Sharing food brings people closer together. I’ve seen this as a restaurant diner and as a host. The necessity of physical proximity demanded by family-style eating invites an emotional closeness as well. It’s hard to reach, pass, share, and pick from the same plates while keeping up our personal barriers.
There is also a joy in ceding control to someone who might know something we don’t.

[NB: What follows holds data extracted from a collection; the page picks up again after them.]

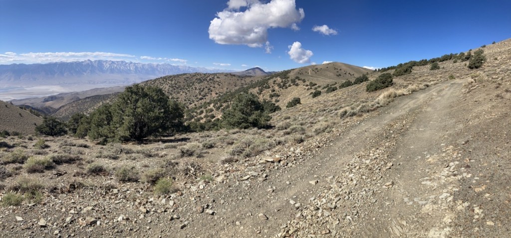 The major climb of the day was pretty much done. Now it was time to enjoy the ride along the crest of the Inyo Mountains. The old road contoured past a point of striking gray stone, then into a high confluence of two saddles, a secret kingdom of sage hidden from the world. After one more little ramp, we were looking way way down to the next, and final valley of our journey.
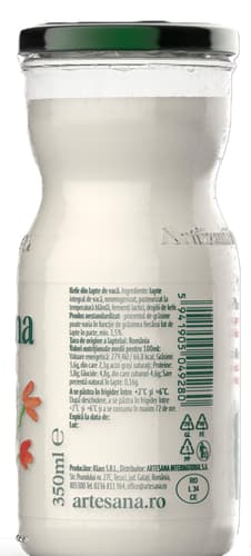 Lapte integral de vaca, neomogenizat, pasteurizat la temperatura joasa, fermenti lactici. Produs nestandardizat - procentul de grasime poate varia in functie de grasimea fiecarui lot de lapte in parte, min.3,5%.
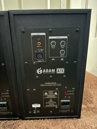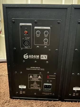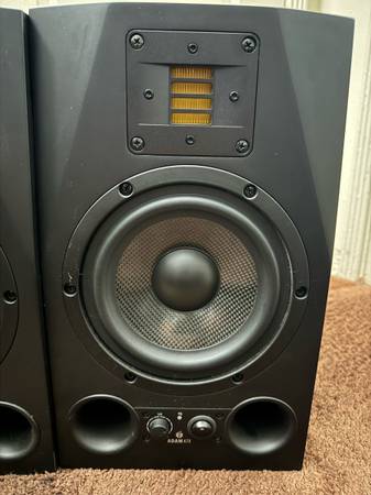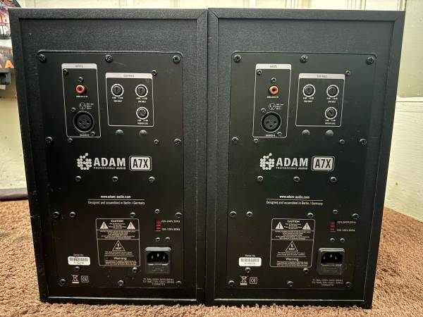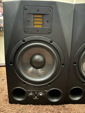 Selling a used pair of Adam A7X Studio Monitors. Work great and sound phenomenal. Have some marks from use as pictured, but overall in good shape. Price is firm. Must pick up in Hollywood.
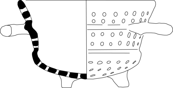 | 4b | vergiet met knik bodem-wand, afgeronde bodem en rechte rand, poten |
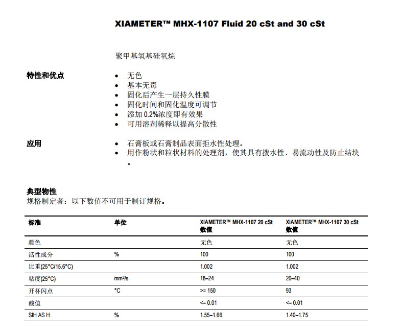 道康宁(DOW) 含氢硅油 MHX-1107 FLUID 30CS 硅油乳液 产品资料下载列表:
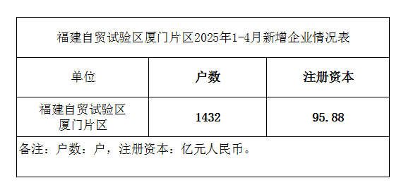 福建自贸试验区厦门片区2025年1-4月新增企业情况表
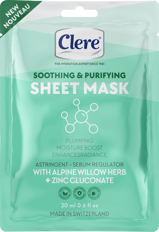 Calm and purify your skin with our Clere Soothing Sheet Mask, infused with Alpine Willow Herb and Zinc Gluconate. This potent combination helps to reduce redness and irritation, while purifying the skin and minimizing pores. Perfect for sensitive skin, this mask leaves your complexion feeling calm, balanced, and refreshed.
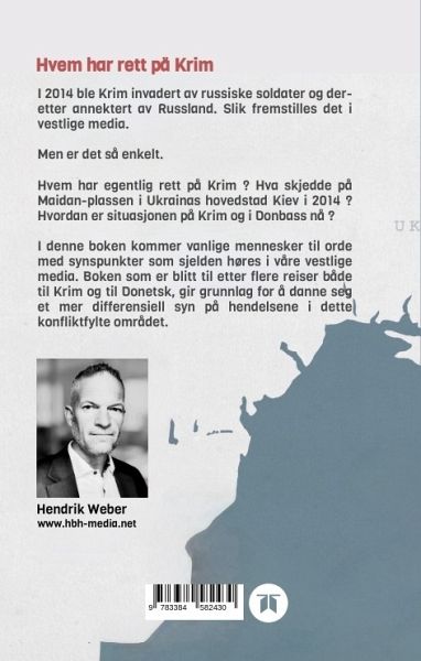 Hvem har rett på Krim?I 2014 ble Krim invadert av russiske soldater og deretter annektert av Russland. Slik fremstilles det i vestlige medier.Men er det så enkelt?Hvem har egentlig rett på Krim? Hva skjedde på Maidan-plassen i Ukrainas hovedstad Kiev i 2014? Hvordan er situasjonen på Krim og i Donbass nå?I denne boken kommer mennesker til orde med synspunkter som sjelden høres i våre vestlige medier. Boken, som har blitt til etter flere reiser både til Krim og Donetsk, gir grunnlag for å danne seg et mer nyansert syn på hendelsene i dette konfliktfylte området.

Recently I was out for dim sum. We were at a restaurant where I’ve eaten a hundred times, where I’ve settled into a routine gorging on char siu bao, turnip cakes, and pan-fried dumplings. But I was eating with a young chef who is also a regular, so I asked him to order for the group. He chose everything I never would, and soon the table was filled with chicken feet, tripe, squid, and tendon. And while the tripe did not sway me, the tendon was a revelation. The sumptuous cubes of collagen, rendered into a texture like a meat and soy-sauce-flavoured Jell-O, were something I never would have ordered on my own. And I was so happy to be exposed to something new.
The worst that can happen in this situation is that you try something you don’t like. Which is fine. My friend took the tripe leftovers home with him.
The best that can happen is you can discover something new and delicious to you. That’s a good deal of risk versus reward. I am a creature of habit. And I like to know what’s coming — particularly when it comes to my meals. But if you told me that I wouldn’t taste anything new from this point forward, I don’t know what I’d be living for.
May we have a moment of your time?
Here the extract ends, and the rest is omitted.